### PROBLEM TO WORK ON
Exact copies of the lines below, from the one with "Mange børn bryder" up to and including the one with "Personalized Pumpkin Pets Halloween Doormat—", are what this calls for; leave out pictures.

### INFORMATION SUPPLIED

::::::::::

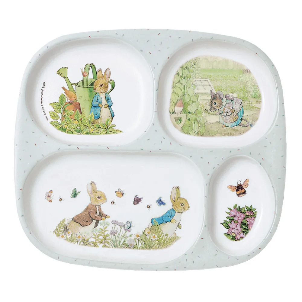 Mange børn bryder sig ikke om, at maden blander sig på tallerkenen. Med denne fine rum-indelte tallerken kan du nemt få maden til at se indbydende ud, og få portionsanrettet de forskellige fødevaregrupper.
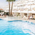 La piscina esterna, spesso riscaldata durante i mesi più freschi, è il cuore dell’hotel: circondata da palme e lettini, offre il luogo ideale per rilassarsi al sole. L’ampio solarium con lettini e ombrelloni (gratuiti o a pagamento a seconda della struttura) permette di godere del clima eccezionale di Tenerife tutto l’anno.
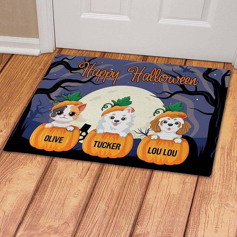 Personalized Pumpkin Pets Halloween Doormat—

::::::::::

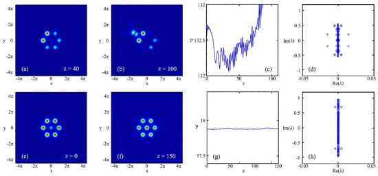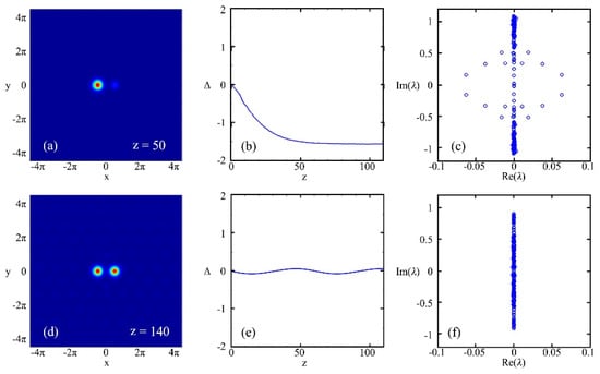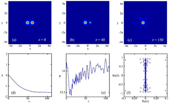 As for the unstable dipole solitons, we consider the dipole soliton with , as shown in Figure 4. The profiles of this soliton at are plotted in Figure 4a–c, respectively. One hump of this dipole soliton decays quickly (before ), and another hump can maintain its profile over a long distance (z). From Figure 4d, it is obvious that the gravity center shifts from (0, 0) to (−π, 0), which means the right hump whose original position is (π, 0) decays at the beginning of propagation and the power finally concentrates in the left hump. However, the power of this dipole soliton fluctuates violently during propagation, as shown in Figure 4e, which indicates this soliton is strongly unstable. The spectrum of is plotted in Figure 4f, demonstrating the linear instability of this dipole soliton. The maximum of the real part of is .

::::::::::

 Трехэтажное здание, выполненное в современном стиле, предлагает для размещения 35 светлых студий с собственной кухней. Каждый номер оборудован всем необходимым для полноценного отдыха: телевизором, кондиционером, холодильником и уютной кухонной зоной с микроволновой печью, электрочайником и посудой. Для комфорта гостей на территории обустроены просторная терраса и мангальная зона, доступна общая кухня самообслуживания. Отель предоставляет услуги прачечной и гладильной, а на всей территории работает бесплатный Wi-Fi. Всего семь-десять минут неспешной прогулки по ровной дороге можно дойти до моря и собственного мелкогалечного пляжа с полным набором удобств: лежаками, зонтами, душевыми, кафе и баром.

::::::::::

### RESULT
 Mange børn bryder sig ikke om, at maden blander sig på tallerkenen. Med denne fine rum-indelte tallerken kan du nemt få maden til at se indbydende ud, og få portionsanrettet de forskellige fødevaregrupper.
 La piscina esterna, spesso riscaldata durante i mesi più freschi, è il cuore dell’hotel: circondata da palme e lettini, offre il luogo ideale per rilassarsi al sole. L’ampio solarium con lettini e ombrelloni (gratuiti o a pagamento a seconda della struttura) permette di godere del clima eccezionale di Tenerife tutto l’anno.
 Personalized Pumpkin Pets Halloween Doormat—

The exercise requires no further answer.